I also decided (with help from Claude) to analyze whether I overuse specific “academic” terms, including:

“analysis”
“research”
“data”
“method”
“results”
“theory”
“approach”
“study”
“model”
“framework”

It’s interesting to see that I apparently use “method” frequently in the conclusions of my NeurIPS paper. However, this observation comes again with the caveat that shorter text sections can produce less reliable frequencies.

Comparing my writing with Shakespeare

An academic looking person shaking hands with William Shakespeare — Academics v Shakespeare. (Generated with DALL-E 3)

I thought it might be interesting to compare the statistics from my thesis to Shakespeare’s writing. Fortunately, Andrej Karpathy has compiled a tiny Shakespeare dataset, which I used for this comparison.

Let’s start with sentiment analysis.

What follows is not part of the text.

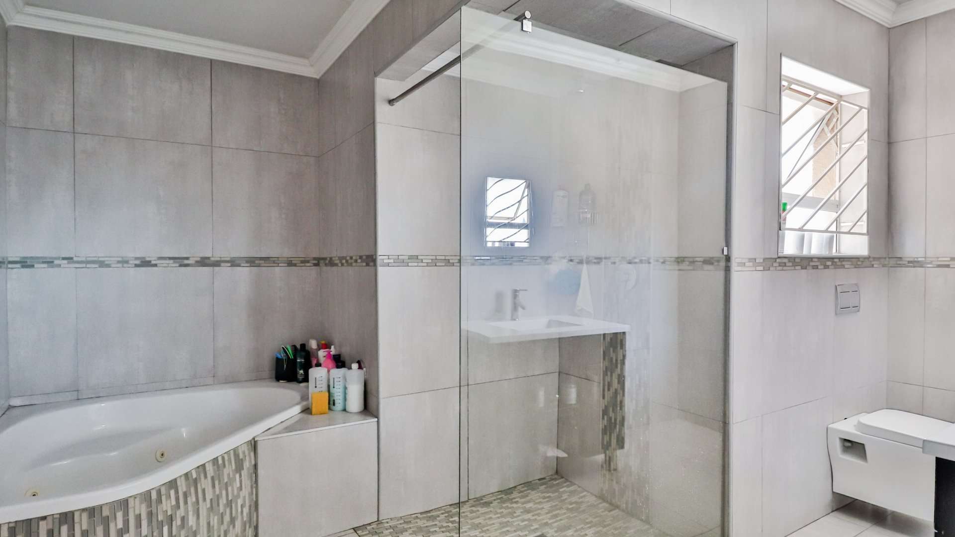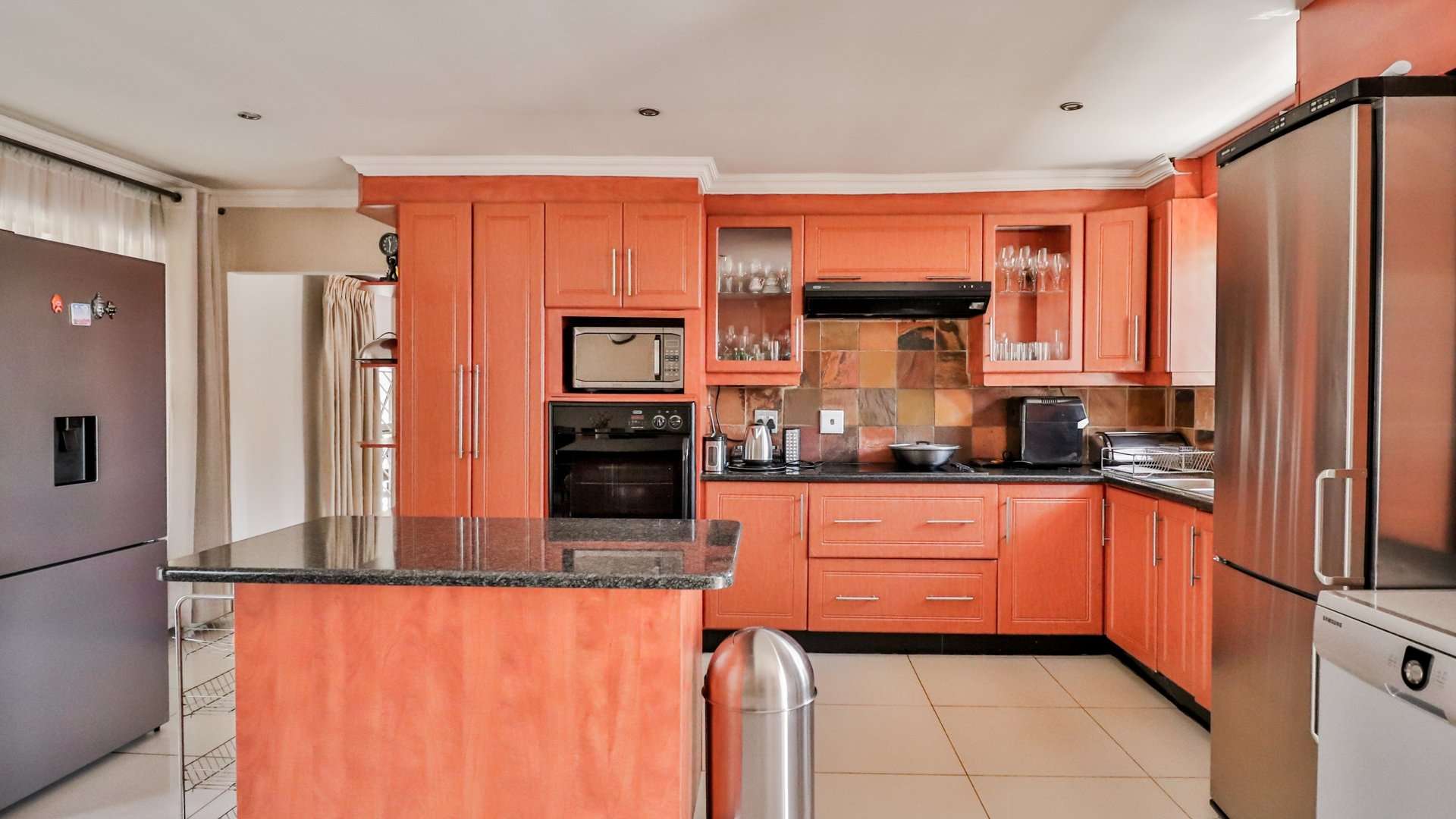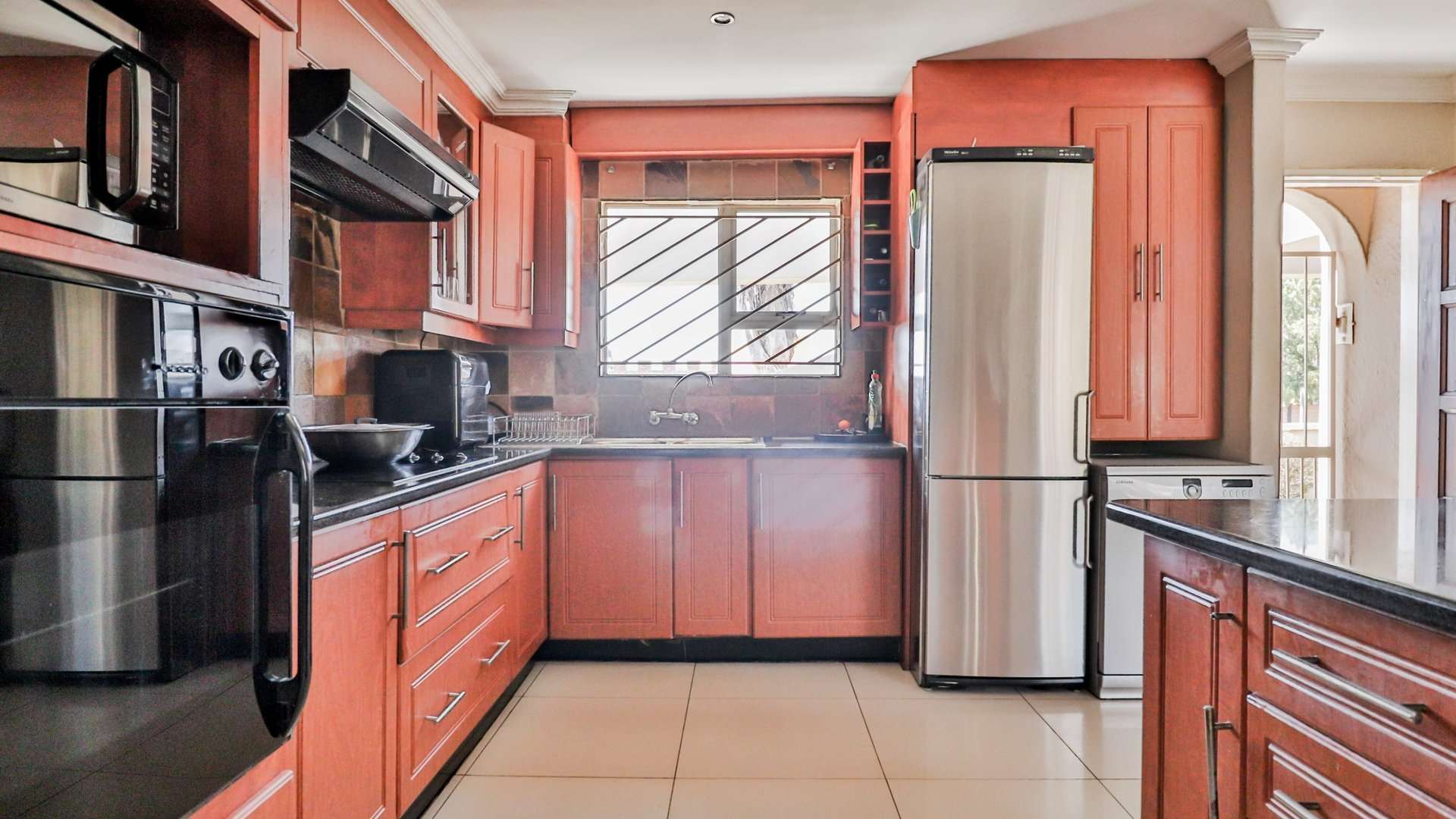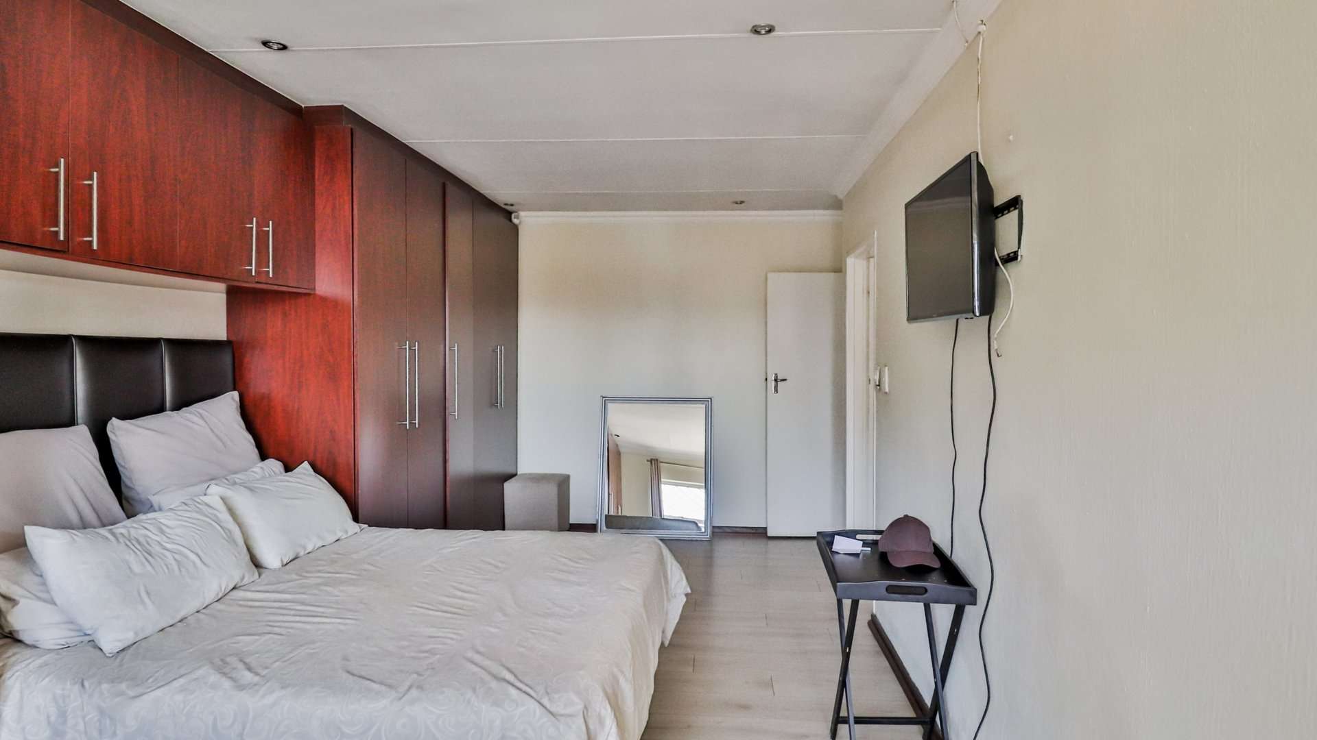 One of the main highlights of this property is the beautifully manicured garden, complete with a sparkling pool, and a Lapa that has a built-in braai.

I’m pleased to see that my thesis is both less polarizing and less subjective than Shakespeare’s works—suggesting at least some degree of scientific rigor!

We can also see that my sentences are somewhat longer, and my passive voice usage is significantly higher than Shakespeare’s.

Somewhat surprisingly, my thesis is less readable than Shakespeare according to all metrics. (Note that for Flesch Reading Ease, higher scores indicate better readability, while for the other metrics, lower scores are better.) This is rather humbling, considering Shakespeare still uses archaic terms like “thou” which aren’t particularly accessible to modern readers. But then again, he was a master playwright after all…

At least I can claim slightly higher lexical diversity! Though I’m concerned this might also be influenced by LaTeX commands that weren’t fully removed during text sanitization.

Finally, let’s examine the top words used by Shakespeare and myself. Unsurprisingly, there’s virtually no overlap. Emergent communication wasn’t particularly popular in the late 16th and early 17th centuries when Shakespeare was writing.

Summary

While this post is primarily for fun, I think it nicely showcases a few important points. First, text sanitization is surprisingly challenging and time-consuming—I now have much greater appreciation for data preparation specialists. Second, there are numerous fascinating approaches to analyzing text and, by extension, language! Exploring these different metrics and seeing how they compare has been super fun. This kind of analysis is precisely what made me pursue emergent communication and linguistics in my PhD, and I hope I’ve managed to convey some of that enthusiasm to you, dear reader!